# Reptile documentary



## mr.k (Nov 18, 2010)

Hi - im creating a photo documentary about reptiles and exotic animals in the UK and how owners of multiple pets live and interact with them. Essentially they are observed portraits of the owners and pets at home.

Is there anyone one in London or Cornwall that would be willing for me to meet you and document the relationships with your pets?
if anyone wants to know more, please ask.


----------



## Gaboon (Jun 20, 2005)

Who do you work for?


----------



## mr.k (Nov 18, 2010)

Im currently studying at university, this is a personal body of work so it is not 'for' anyone at this stage.


----------



## andy007 (May 13, 2008)

Do we get paid:lol2:


----------



## mr.k (Nov 18, 2010)

I wouldn't be able to pay you but I could offer you a copy of some images!


----------



## andy007 (May 13, 2008)

I was just kidding: victory:

What angle are you coming from on this project? i.e. what are your personal views about reptile keeping?

Many people will be sceptical because of concerns over how they will be portrayed and where the publication will end up.


----------



## mr.k (Nov 18, 2010)

To be honest I don't know that much about reptiles apart from tortoises as I have owned and looked after a couple of Mediterranean tortoises but I'm always jealous of people with other pets! So in that sense I'm not going to be portraying people in a negative light.

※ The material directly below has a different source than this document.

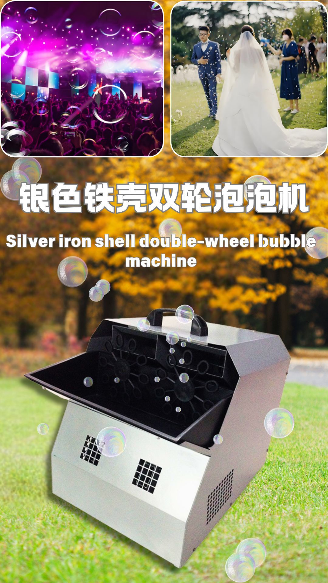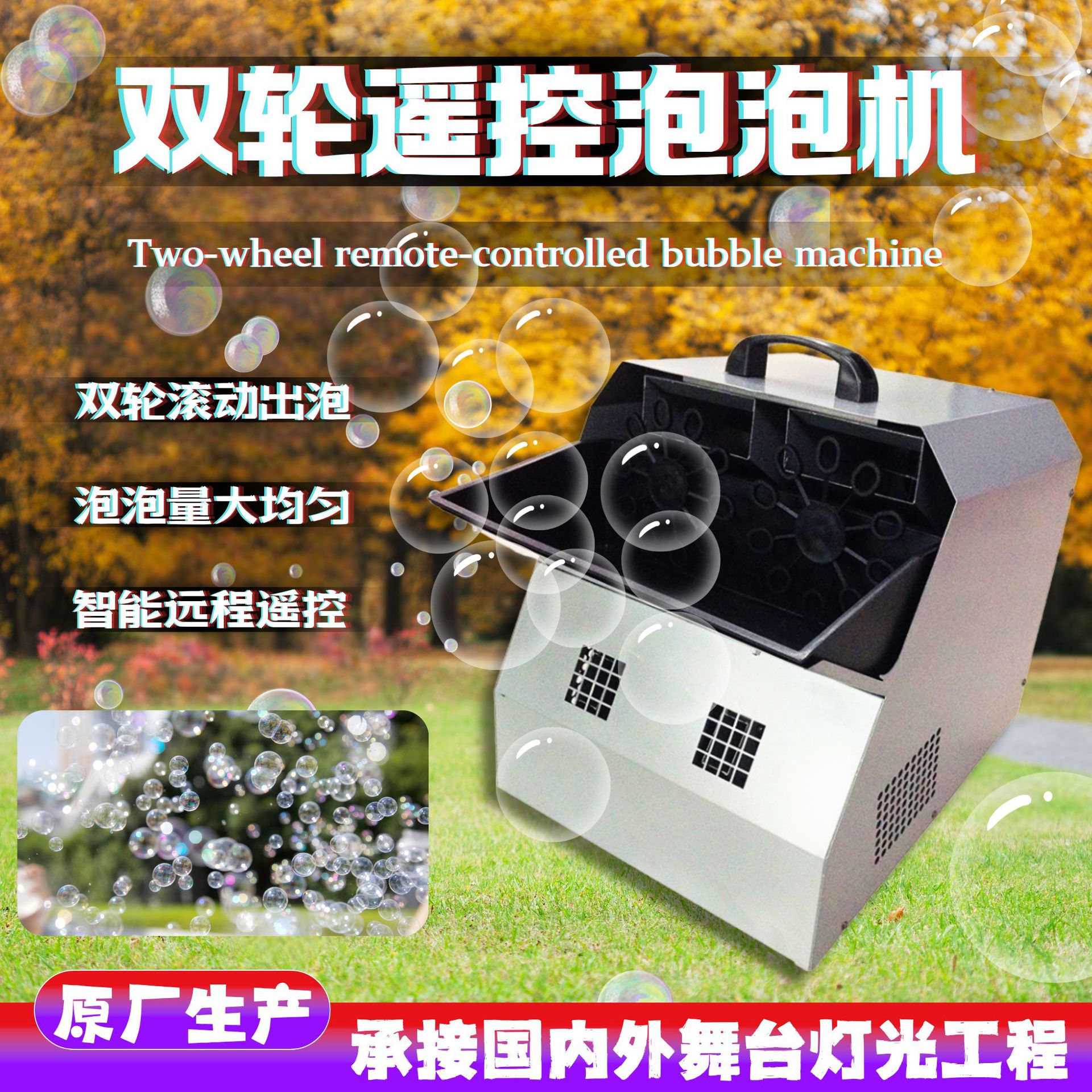 완전 자동 이중 휠 무대 버블 머신, 유치원 결혼식 분위기 연출, 상업용 대형 원격 제어 철제 버블 머신

It is more of a profile of the owner in their natural environment with their pets, I want to get to know them so that the portraits are more observed than forced. Hope that helps!


----------



## connor 1213 (Apr 6, 2009)

If you can get to Glasgow would love to get interviewed or photos of reptiles....

Would make a good story? One of the youngest reptile keepers on here...

and the only reptile that are in my family are fully looked after by me...


----------